戦後、日本の就業者の約半数を占めていた第1次産業は高度経済成長期を経て、今では農業従事者が160万人、漁業従事者が13万人まで減っています。それが食料自給率の低さにつながっています。1965年には73%だった日本の食料自給率は38%にまで減少しています。農林水産省が進めている「みどりの食料システム戦略」では2050年までに化学農薬の使用量を50%低減、化学肥料の使用量を30%低減、有機農業の取組面積を100haに拡大することを掲げて取り組んでいます。この目標が30年後に達成されることを願っています。

食育は、これからの日本の子供たちの成長に大きく関わってくるので、省庁の垣根を超えて進めていく必要があります。今後、第4次計画の目標達成に向けて、食育ピクトグラムと共にアピールしていければと思います。

―服部栄養専門学校では「渋谷ワンダフル給食プロジェクト」に協力されています。

これは渋谷区から協力を依頼されて実現したもので、渋谷区にある小中学校25校の給食監修を行います。子供が喜ぶような給食を栄養バランスなども配慮しながら提供します。これまで学校給食では見たことがない、新しいメニューに挑戦することで学校給食の可能性を広げていきます。

本校で給食の献立を考案し、渋谷区の学校の栄養士等を招き、レシピを試食してもらいます。そこで、調理設備の違いから提供できないことがないよう、大量調理の現場で提供するには、どのような手順が必要かを確認していきます。

渋谷区の学校給食は自校式で提供されるので、どの学校の設備でも提供可能な献立を考えます。子供が喜ぶ給食が提供できると分かれば、他の区市町村や都道府県でも、良い刺激となります。

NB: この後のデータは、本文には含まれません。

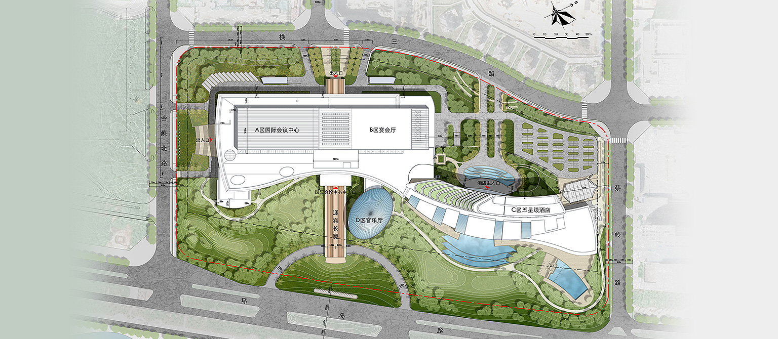 廈門國際會議中心為一類高層建筑,主要功能為會議及宴會建筑,會議功能較少.更無法達到國際峰會的功能使用及視覺感受的要求。改造從入口及落客前廣場開始.梳理現(xiàn)有空間體系.在尊重原有結(jié)構(gòu)及功能布局的基礎(chǔ)上.巧妙的利用原有的結(jié)構(gòu)體系,增設(shè)會議功能,梳理功能動線,以滿足金磚峰會的使用要求。

学校給食を通じて、これまで食べたことのない献立に出会うことで学校に来るのが楽しみになるはずです。

―食が人や社会に与える影響は大きいのでしょうか。

9月には『食育入門』が刊行された

「渋谷ワンダフル給食プロジェクト」では、動画で「食育について」語っています。私が9歳の時、近所の沼で遊んでいたら、大人が来て沼の色が変わるほどの油を捨てていきました。すると翌朝には沼の生き物が、みんな死んでいました。こんなことをしていたら地球の生き物が全滅してしまうと、それが環境と食について考えたきっかけでした。

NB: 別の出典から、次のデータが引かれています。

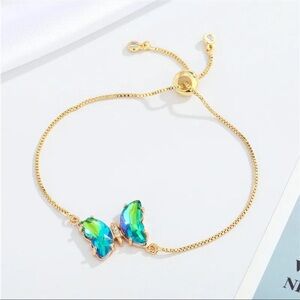 Sparkly Crystal Butterfly Pendant Adjustable Bracelet
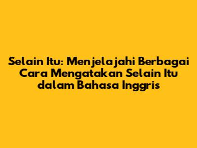 Memahami Konsep "Selain Itu" dalam Bahasa Inggris
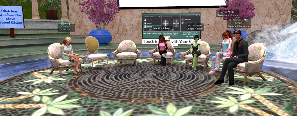 Virtual Ability (VAI) is an international cross-disability peer support community of over 1,300 members. We’re international because the people in the community come from 6 continents. “Cross-disability” means our members who have disabilities may have a physical disability, a mental or emotional or developmental disability, or a sensory disability (deafness or blindness). Many of us have multiple disabilities. We offer peer support as well as education, acceptance and understanding. Our community assists people with all kinds of disabilities to enter and thrive in virtual worlds like Second Life and other virtual worlds.

レイチェル・カーソンの著書「沈黙の春」には、アメリカ・カリフォルニア州のクレア湖で1957年に大量の渡り鳥が死亡した出来事が書かれています。生物学者のレイチェル・カーソンが調べたところ渡り鳥の体内からDDTが検出されました。ブヨを退治するために散布したDDTが湖に落ち、それをプランクトンが食べ、そのプランクトンを魚が食べ、そして渡り鳥が魚を食べ、食物連鎖を繰り返すうちにDDTが濃くなりました。

レイチェル・カーソンはDDTの散布に反対しますが、当時は誰も耳を貸しませんでした。DDTの散布が禁止されたのは彼女の死後でした。食物連鎖により、人間が自らまいた農薬で渡り鳥の悲劇を繰り返さないためにも食について考えることは重要です。知育・徳育・体育だけでなく、人の命を支える根幹である食育について教育という観点から見つめ直す必要があると思います。